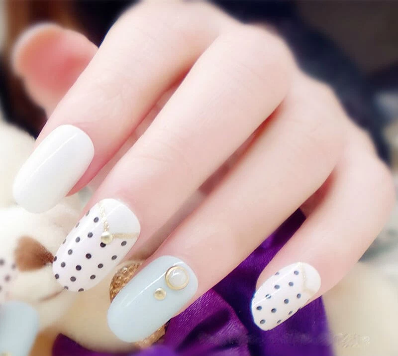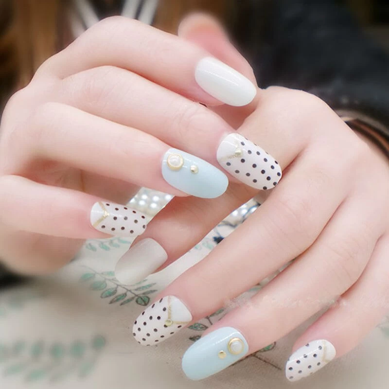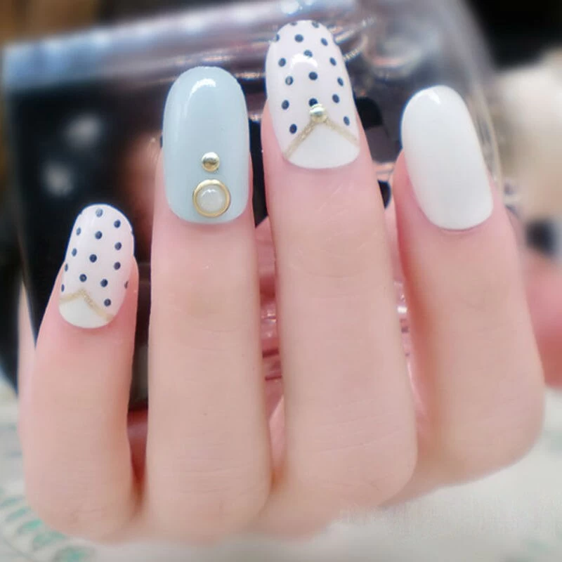 Ovale falsche Nägel in verschiedenen Farben und mit verschiedenen Mustern.
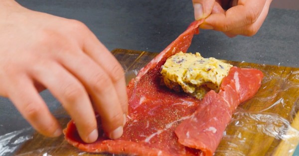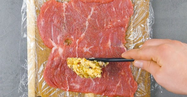 - Ouvrez la viande comme dans la vidéo et placez-la finement entre deux films alimentaires. Assaisonnez la viande avec du sel et du poivre et placez la moitié du beurre au centre de la partie inférieure de la viande.
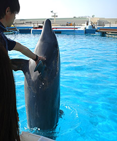 イルカラグーンは、オキちゃん劇場同様イルカを観れるわけですが、より観察することに主眼をおいていて、握手やエサやりが間近で観ることができます。
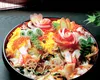 便利な1合用×2袋のちらし寿司の素 京都では「ばらずし」とも呼ばれ、年中親しまれている「ちらし寿司」、そんな京都のちらし寿司は「ちりめんじゃこ」が入っている事が特徴。 見た目も楽しんで頂ける様に、9種類(筍、しいたけ、凍り豆腐、干ぴょう、れんこん、人参、ちりめんじゃこ、みぶ菜、菜の花)の彩り豊かな具材を使っております。 菜の花は包丁で食べやすいサイズにカット、れんこんは輪切りにする等、家庭で手作りした様な「ちらし寿司」が作れます。 また、すし酢についても木村九商店が独自にブレンドした、京都らしいまろやかで飽きのこない味に仕上げております。 作り方はとっても簡単 炊きたてご飯に混ぜるだけ! 錦糸玉子や刻みのりを加えるだけで、本格的なちらし寿司が出来上がります。 一人暮らしや小人数のご家庭でもお使い頂けるように、1合用×2袋となっております。 ひなまつり等のお祝い事はもちろん、行楽のお弁当やいなり寿司など普段使いにもご利用頂けます。 お好みでエビやマグロ等の添えて海鮮丼風にする事も出来ます。

=======

Task details:
Would you print all of the material exactly as written, minus the pictures?

Exercise output:
 Ovale falsche Nägel in verschiedenen Farben und mit verschiedenen Mustern.
 - Ouvrez la viande comme dans la vidéo et placez-la finement entre deux films alimentaires. Assaisonnez la viande avec du sel et du poivre et placez la moitié du beurre au centre de la partie inférieure de la viande.
 イルカラグーンは、オキちゃん劇場同様イルカを観れるわけですが、より観察することに主眼をおいていて、握手やエサやりが間近で観ることができます。
 便利な1合用×2袋のちらし寿司の素 京都では「ばらずし」とも呼ばれ、年中親しまれている「ちらし寿司」、そんな京都のちらし寿司は「ちりめんじゃこ」が入っている事が特徴。 見た目も楽しんで頂ける様に、9種類(筍、しいたけ、凍り豆腐、干ぴょう、れんこん、人参、ちりめんじゃこ、みぶ菜、菜の花)の彩り豊かな具材を使っております。 菜の花は包丁で食べやすいサイズにカット、れんこんは輪切りにする等、家庭で手作りした様な「ちらし寿司」が作れます。 また、すし酢についても木村九商店が独自にブレンドした、京都らしいまろやかで飽きのこない味に仕上げております。 作り方はとっても簡単 炊きたてご飯に混ぜるだけ! 錦糸玉子や刻みのりを加えるだけで、本格的なちらし寿司が出来上がります。 一人暮らしや小人数のご家庭でもお使い頂けるように、1合用×2袋となっております。 ひなまつり等のお祝い事はもちろん、行楽のお弁当やいなり寿司など普段使いにもご利用頂けます。 お好みでエビやマグロ等の添えて海鮮丼風にする事も出来ます。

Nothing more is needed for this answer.